## TASK STATEMENT
Exactly as written, return every line of the data below apart from the pictures.

## EXTRACTED MATERIAL

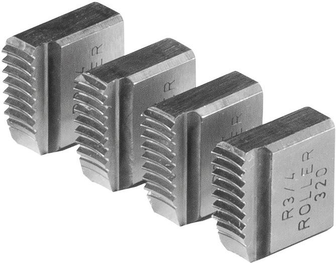 4 závitořezné čelisti, z tvrdé houževnaté speciální oceli pro extrémně dlouhou trvanlivost. Pro rychlovýměnné závitořezy Central a rychlovýměnné závitořezné hlavy S.
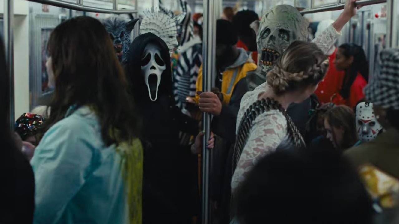 Si aún no han tenido la oportunidad de verla en la pantalla grande, la película continúa exhibiéndose en salas de Cinépolis y Cinemex, así que corran a verla porque a continuación revelaremos algunos spoilers. Hay una escena a lo largo de la cinta en la que los personajes de Barrera, Ortega y los demás atormentados descienden al famoso metro de Nueva York para perseguir a Ghostface. ¿Lo malo? Es que es Halloween y los vagones están repletos de personas disfrazadas.
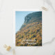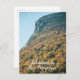 Une photo du mont Cannon à l'automne. Les feuilles des arbres sont passés du vert aux tons orange et jaune. Ces couleurs recouvrent la montagne, atteignant le sommet. Le profil de la montagne est le vestige de la pierre de granit, où se trouvait autrefois un visage de premier plan, tandis qu'il attendait et observait son amour pour revenir à lui. Ce jour d'automne a un ciel clair et bleu clair comme l'arrière - plan de la scène. Dans une police blanche est un message d'accueil, "Salutations du New Hampshire !" Copyright ©2024 Kimberly J Tilley. zazzle.com/store/developingnature
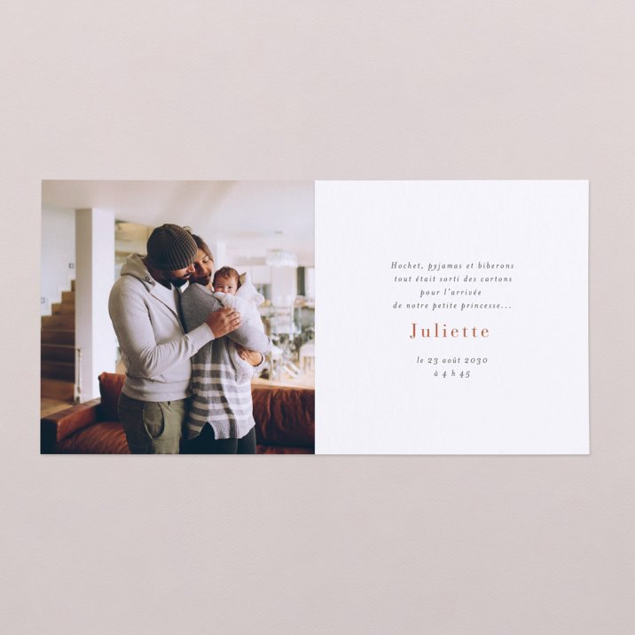 Un faire-part de naissance avec votre plus jolie photo, tout simplement... Laissez-vous séduire par le modèle Ginger et sa touche de couleur terre de sienne pour annoncer la plus belle des nouvelles.
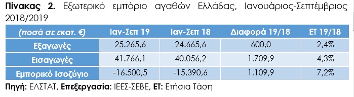 Σύμφωνα με τα διαθέσιμα στοιχεία της ΕΛΣΤΑΤ, στο διάστημα Ιανουάριος-Σεπτέμβριος 2019 οι εξαγωγές της Ελλάδας συνέχισαν την ανοδική τους πορεία με αποτέλεσμα να διαμορφωθούν στο ποσό των €25.265,6 εκατ., με τη διαφορά συγκριτικά με το αντίστοιχο διάστημα του προηγούμενου έτους να ανέρχεται σε €600,0 εκατ., δηλαδή 2,4%. Παρά την ενίσχυση των ελληνικών εξαγωγών, το εμπορικό μας ισοζύγιο παραμένει ελλειμματικό κατά €16.500,5 εκατ., σημειώνοντας αύξηση κατά €1.109,9 εκατ., δηλαδή 7,2% συγκριτικά με το 9μηνο 2018, καθώς οι εισαγωγές που πραγματοποίησε η χώρα ενισχύθηκαν σημαντικά και διαμορφώθηκαν στο ποσό των €41.766,1 εκατ., αυξημένες κατά €1.709,9 εκατ., δηλαδή 4,3%.
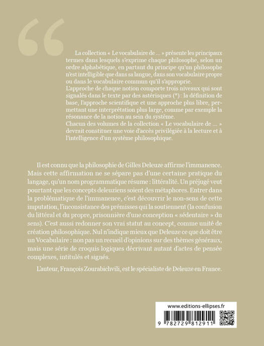 Il est connu que la philosophie de Gilles Deleuze affirme l'immanence. Mais cette affirmation ne se sépare pas d'une certaine pratique du langage, qu'un nom programmatique résume : littéralité. Un préjugé veut pourtant que les concepts deleuziens soient des métaphores. Entrer dans la problématique de l'immanence, c'est découvrir le non-sens de cette imputation, l'inconsistance des prémisses qui la soutiennent (la confusion du littéral et du propre, prisonnière d'une conception « sédentaire » du sens). C'est aussi redonner son vrai statut au concept, comme unité de création philosophique. Nul n'indique mieux que Deleuze ce que doit être un Vocabulaire : non pas un recueil d'opinions sur des thèmes généraux, mais une série de croquis logiques décrivant autant d'actes de pensée complexes, intitulés et signés.
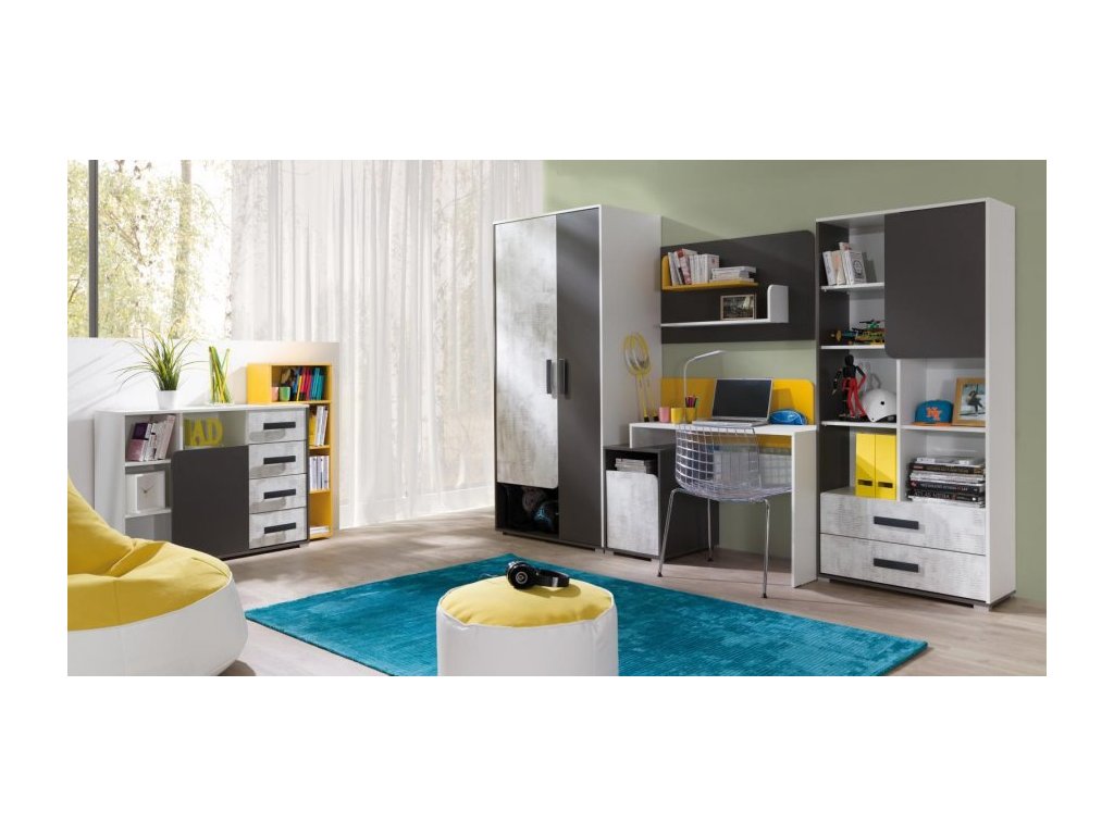 Dětský psací stůl Bruce R8 bílá/grafit/enigma/žlutá
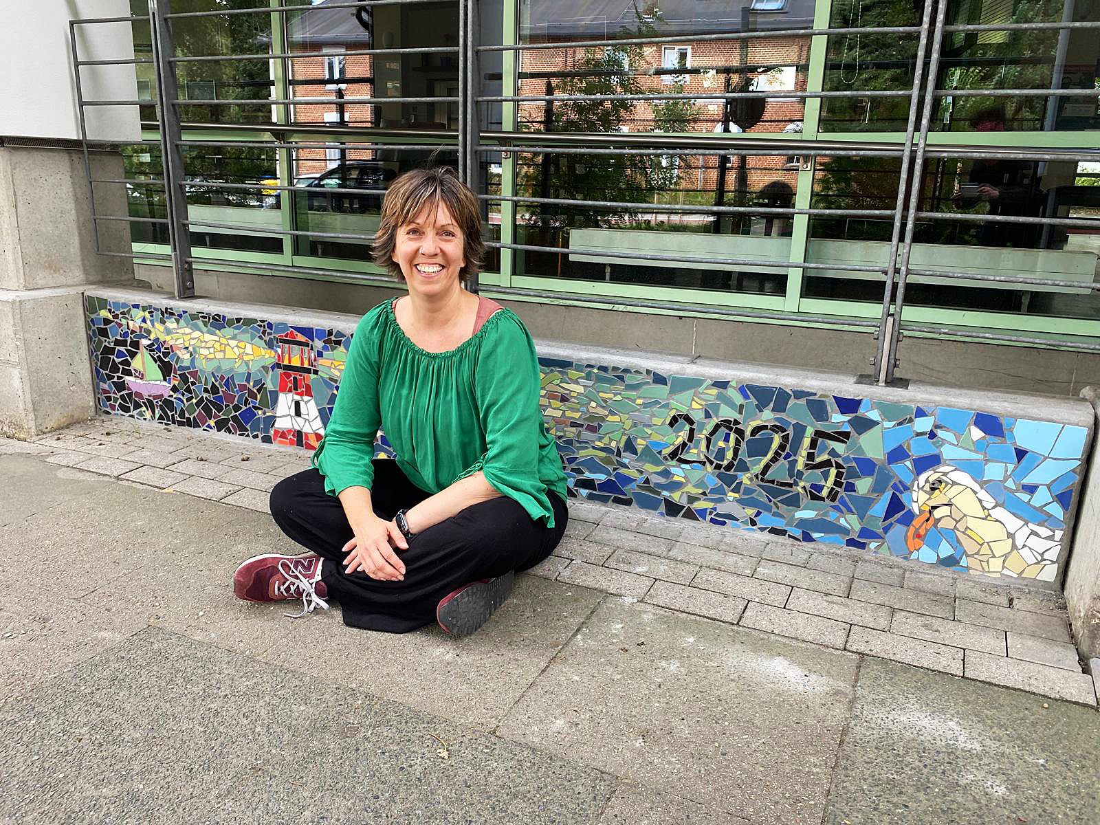 Der dritte Teil entstand eher spontan als Schriftzug in Rottönen, mit Blumen an der Seite. Ähnlich der vierte Teil, als eine Mosaik Interessierte zufällig eintraf und sich was Maritimes wünschte, Leuchtturm, ein Segelschiff.... und die Möve darf dann natürlich auch nicht fehlen. Dieses vierte Mosaikstück symbolisiert Hamburg, inklusiver der Jahreszahl 2025, die Entstehung dieses einzigartigen Mosaikprojektes.

## OUTPUT FOR THIS EXERCISE
 4 závitořezné čelisti, z tvrdé houževnaté speciální oceli pro extrémně dlouhou trvanlivost. Pro rychlovýměnné závitořezy Central a rychlovýměnné závitořezné hlavy S.
 Si aún no han tenido la oportunidad de verla en la pantalla grande, la película continúa exhibiéndose en salas de Cinépolis y Cinemex, así que corran a verla porque a continuación revelaremos algunos spoilers. Hay una escena a lo largo de la cinta en la que los personajes de Barrera, Ortega y los demás atormentados descienden al famoso metro de Nueva York para perseguir a Ghostface. ¿Lo malo? Es que es Halloween y los vagones están repletos de personas disfrazadas.
 Une photo du mont Cannon à l'automne. Les feuilles des arbres sont passés du vert aux tons orange et jaune. Ces couleurs recouvrent la montagne, atteignant le sommet. Le profil de la montagne est le vestige de la pierre de granit, où se trouvait autrefois un visage de premier plan, tandis qu'il attendait et observait son amour pour revenir à lui. Ce jour d'automne a un ciel clair et bleu clair comme l'arrière - plan de la scène. Dans une police blanche est un message d'accueil, "Salutations du New Hampshire !" Copyright ©2024 Kimberly J Tilley. zazzle.com/store/developingnature
 Un faire-part de naissance avec votre plus jolie photo, tout simplement... Laissez-vous séduire par le modèle Ginger et sa touche de couleur terre de sienne pour annoncer la plus belle des nouvelles.
 Σύμφωνα με τα διαθέσιμα στοιχεία της ΕΛΣΤΑΤ, στο διάστημα Ιανουάριος-Σεπτέμβριος 2019 οι εξαγωγές της Ελλάδας συνέχισαν την ανοδική τους πορεία με αποτέλεσμα να διαμορφωθούν στο ποσό των €25.265,6 εκατ., με τη διαφορά συγκριτικά με το αντίστοιχο διάστημα του προηγούμενου έτους να ανέρχεται σε €600,0 εκατ., δηλαδή 2,4%. Παρά την ενίσχυση των ελληνικών εξαγωγών, το εμπορικό μας ισοζύγιο παραμένει ελλειμματικό κατά €16.500,5 εκατ., σημειώνοντας αύξηση κατά €1.109,9 εκατ., δηλαδή 7,2% συγκριτικά με το 9μηνο 2018, καθώς οι εισαγωγές που πραγματοποίησε η χώρα ενισχύθηκαν σημαντικά και διαμορφώθηκαν στο ποσό των €41.766,1 εκατ., αυξημένες κατά €1.709,9 εκατ., δηλαδή 4,3%.
 Il est connu que la philosophie de Gilles Deleuze affirme l'immanence. Mais cette affirmation ne se sépare pas d'une certaine pratique du langage, qu'un nom programmatique résume : littéralité. Un préjugé veut pourtant que les concepts deleuziens soient des métaphores. Entrer dans la problématique de l'immanence, c'est découvrir le non-sens de cette imputation, l'inconsistance des prémisses qui la soutiennent (la confusion du littéral et du propre, prisonnière d'une conception « sédentaire » du sens). C'est aussi redonner son vrai statut au concept, comme unité de création philosophique. Nul n'indique mieux que Deleuze ce que doit être un Vocabulaire : non pas un recueil d'opinions sur des thèmes généraux, mais une série de croquis logiques décrivant autant d'actes de pensée complexes, intitulés et signés.
 Dětský psací stůl Bruce R8 bílá/grafit/enigma/žlutá
 Der dritte Teil entstand eher spontan als Schriftzug in Rottönen, mit Blumen an der Seite. Ähnlich der vierte Teil, als eine Mosaik Interessierte zufällig eintraf und sich was Maritimes wünschte, Leuchtturm, ein Segelschiff.... und die Möve darf dann natürlich auch nicht fehlen. Dieses vierte Mosaikstück symbolisiert Hamburg, inklusiver der Jahreszahl 2025, die Entstehung dieses einzigartigen Mosaikprojektes.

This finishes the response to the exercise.